Oh...  :Embarassed: 

Scheiss Früjahrsmüdigkeit... irgendwie bin ich nicht so ganz auf der Hoehe - ich hatte mich in der Erinnerung gewiegt, dass terminus auch Unicode könnte. :Confused: 

----------

## friedegott

Wenn terminus-font kein UTF8 kann, wie ist dann dieser Auszug aus der README

 *Quote:*   

> 
> 
> 2. Linux console.
> 
> - sizes         6x12, 8x14, 8x16, 12x24, 10x20, 14x28 and 16x32
> ...

 

sowie der explizite Hinweise in http://www.gentoo.org/doc/en/utf-8.xml , dass terminus-font mit UF8 zurecht käme zu interpretieren?  :Smile: 

----------

## subclasser

 *Quote:*   

> Terminus Font is designed for long (8 and more hours per day) work with computers. Version 4.12 contains 603 characters, covering code pages ISO8859-1/2/5/9/13/15/16, Windows-1250/1251/1252/1254/1257, IBM-437/852/855/866, KOI8-R/U/E/F, Bulgarian-MIK, Paratype-PT154/PT254, Macintosh-Ukrainian and Esperanto, and also the vt100 and xterm pseudographic characters.

 

Soweit auf der offiziellen Seite. Ich habe jetzt auf jeden Fall mein urxvt auf die Terminal Font umgestellt, schoen aussehen tut sie ja auch (und 603 verschiedene Zeichen sind ja auch nicht schlecht)  :Smile: 

Bin bisher ganz zufrieden mit meinen UTF-8 System. Nur ein paar Probleme sind noch ungeloest:

- In GTK-Applikationen kann ich keine Umlaute mehr eintippen. Gleiches gilt fuer alle Tasten, die mit dead keys angesprochen werden. Im Terminal funktioniert alles nach dem Einspielen des Patches von der Seite http://chris.heathens.co.nz/linux/utf8.html perfekt.

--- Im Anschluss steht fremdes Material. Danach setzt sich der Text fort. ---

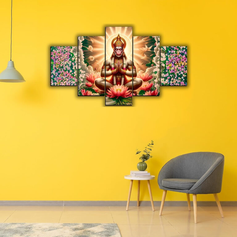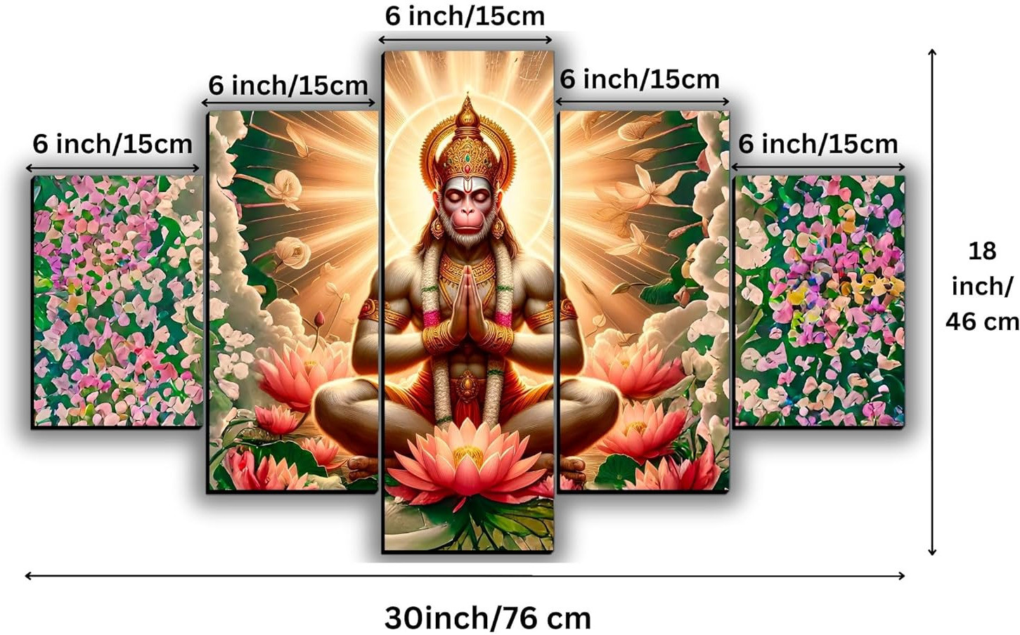 Bring divine energy and tranquility to your home with the CRYSTALSIGN Hanuman Ji Meditating 5-Piece Wall Painting Set. This elegant and lightweight wall art features Lord Hanuman in a peaceful meditative pose, surrounded by vibrant lotus flowers and radiant light, symbolizing strength, devotion, and serenity.
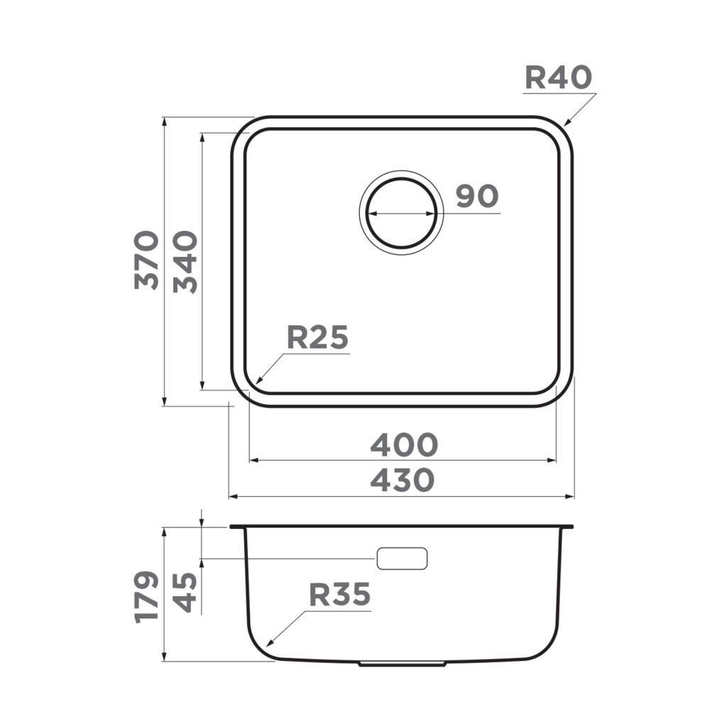 Радиус угла мойки, мм: 40
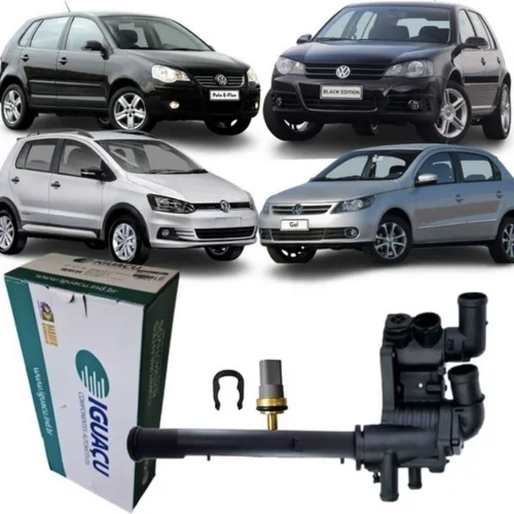 Cavalete De Agua Distribuição Válvula Termostática Completo Volkswagen Fox Polo Gol Golf Voyage Saveiro Crossfox G5 G6
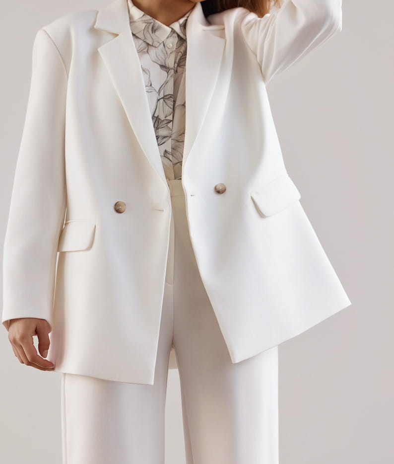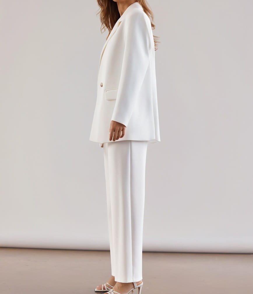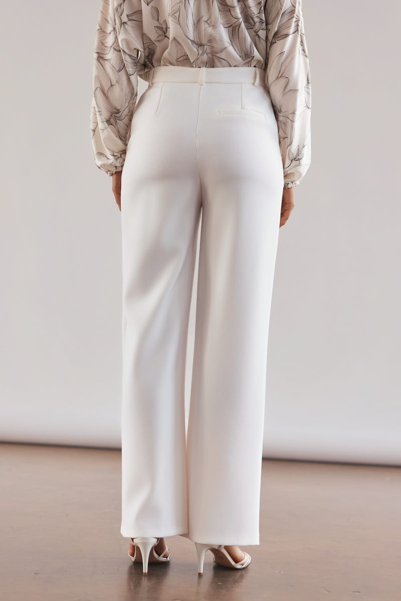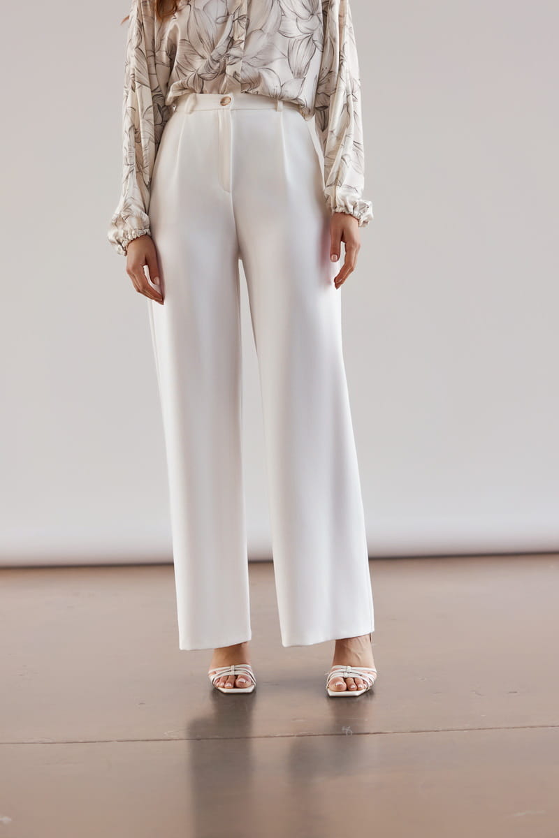 Uszyte z mięsistej, lejącej tkaniny w pięknym odcieniu ecru, która nie gniecie się i nie mechaci. Spodnie pięknie układają się na sylwetce i zapewniają komfort noszenia przez cały dzień.
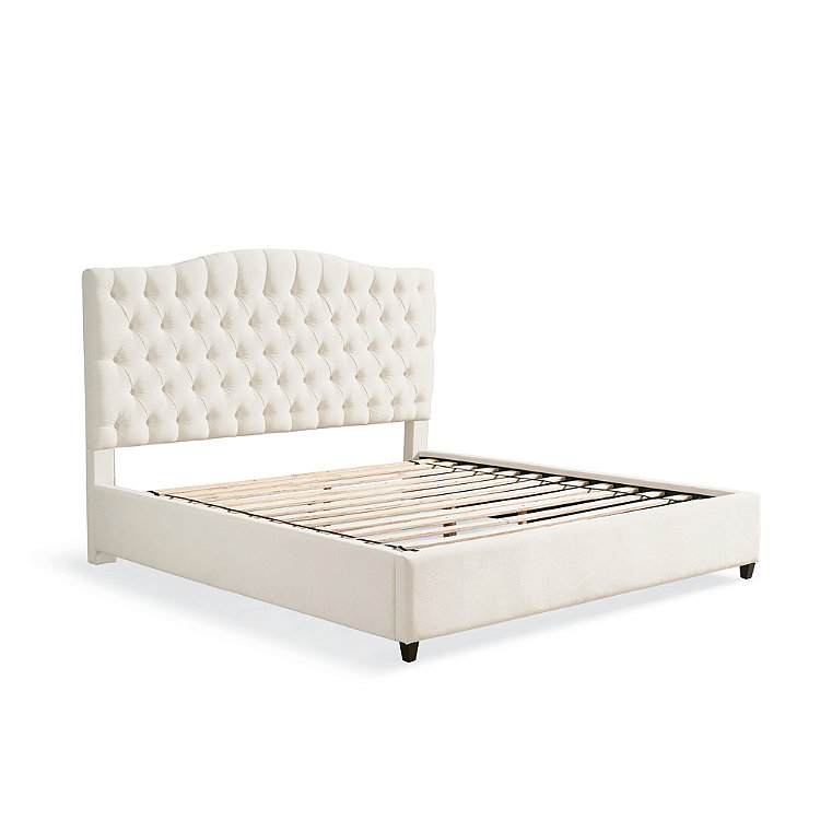 Grace Tufted Upholstered Platform Bed - Chenille Cream, Queen - Grandin Road

- Manche Programme in der Konsole scheinen ihre Ausgaben nicht in UTF-8 zu machen, fuer Sonderzeichen erhalte ich andere Zeichen

- Wenn ich von einer virtuellen Konsole (ueber die graphischen in X funktioniert alles perfekt) Programme laufen lasse, die die ncurses Bibliothek benuetzen, erhalte ich auch Buchstabensalat (scheint mit dem oberen Problem zusammenzuhaengen)

Ich habe bisher meine Dateien noch nicht auf das UTF-8 Format konvertiert, evtl. haengen die falschen Ausgaben ja noch damit zusammen. Der Umstieg ist auf jeden Fall noch kein Kinderspiel  :Smile: 

----------